Question

How can eliminate the duplication in fasta file

0

Entering edit mode

4.0 years ago

Bioinfo ▴ 20

Hello Biostar ! i hope you're doing well , i have question please i m trying to build database bacteria genre using all the sequences published to calculate the coverage of my reads against this database using bowtie2 for mapping , for that , i merge all the genomes sequences i downloaded from ncbi in one fasta_library ( i merge 74 files in on fasta file ) , the problem is that in this fasta file (the library i created ) i have a lot of duplicated sequences , and that affected the coverage in a big way , so i'm asking if theres any way to eliminate duplication i have in my Library_File , or if theres any way to merge the sequences without having the duplication , or also if theres any other way to calclulate the coverage of my reads against reference sequences

Assembly alignment sequencing assembly • 831 views

ADD COMMENT • link updated 4.0 years ago by GenoMax 141k • written 4.0 years ago by Bioinfo ▴ 20

0

Entering edit mode

Hello Bioinfo!

This topic has been addressed multiple times on the site. Please see posts here: https://www.biostars.org/local/search/page/?q=fasta+remove+duplicates

For this reason we have closed your question. This allows us to keep the site focused on the topics that the community can help with.

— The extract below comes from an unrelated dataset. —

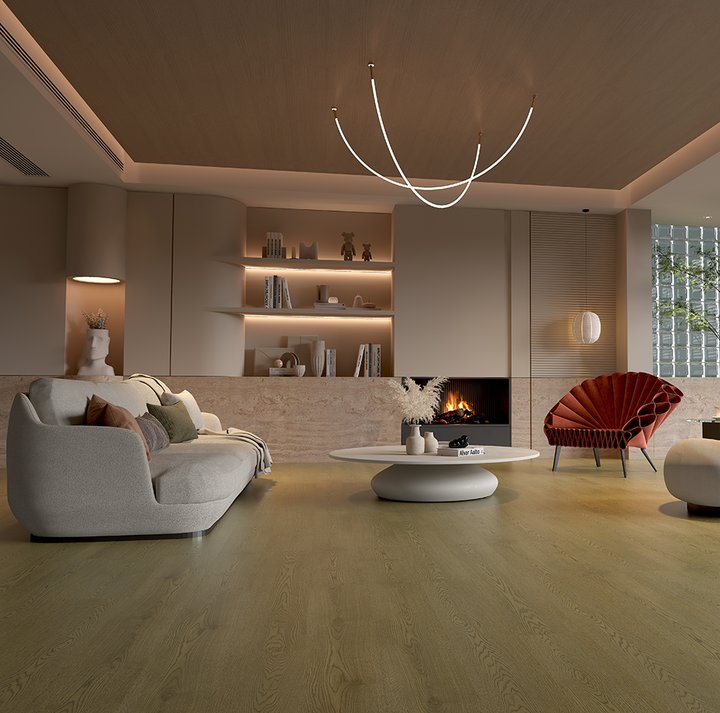 Vinyl Flooring (SPC) is made primarily from polyvinyl chloride (PVC), calcium carbonate (limestone), plasticizers, additives (such as pigments, stabilizers, etc.). It is composed of one clear PVC embossed wear layer with a final UV coating, printing film layer for décor, substrate layer for structural strength and stability, and IXPE layer to improve acoustic performance and increase comfort underfoot. The product is waterproof, easy to install and maintain. It is reliable and economical, and also environmentally friendly.

If you disagree please tell us why in a reply below, we'll be happy to talk about it.

Cheers!

ADD REPLY • link 4.0 years ago by Ram 43k

1

Entering edit mode

the original poster actually means something else completely, they call the similar regions in their reference genomes as "duplicated" regions,

ADD REPLY • link 4.0 years ago by Istvan Albert 100k

score 0 · Answer 1 · 2020-04-22

regions of high similarity between genomes are not called duplicated sequences

those are just that - similar regions

now in your case don't worry about this at all, your mapper will flag the multiply mapped reads in some way (for example bwa will set the mapping quality to zero and will produce an XA tag I think) thus from the alignments you can always tell what is the coverage of the unique regions, just filter for mapping quality to use the uniquely mapped reads

score 0 · Answer 2 · 2020-04-22

This is precisely why I added this comment to your last post: C: how can i determine the couverture (coverage ) of my reads on the whole genome u

There is no way for you to remove "duplicates" (similar sequences) in reference genomes (unless you have multiple strains of one organism and can cut those down some).

Since your aim seems to be calculation of "coverage" with an aligner like BBMap you can handle the multi-mapping reads in several ways. Following is the relevant option.

ambiguous=best          (ambig) Set behavior on ambiguously-mapped reads (with 
                        multiple top-scoring mapping locations).
                            best    (use the first best site)
                            toss    (consider unmapped)
                            random  (select one top-scoring site randomly)
                            all     (retain all top-scoring sites)

You could choose random to conservatively place them at one random location. This may be the best (not what best means above) option. If you choose to place them in all locations then you would be seriously over-estimating your coverage (since the read likely came from one genome). Other two options would just result in odd placements or loss of a lot of data.

Note: I don't think bowtie2 has a similar set of options. It may simply stop aligning reads to multi-mapping locations after a certain number is reached.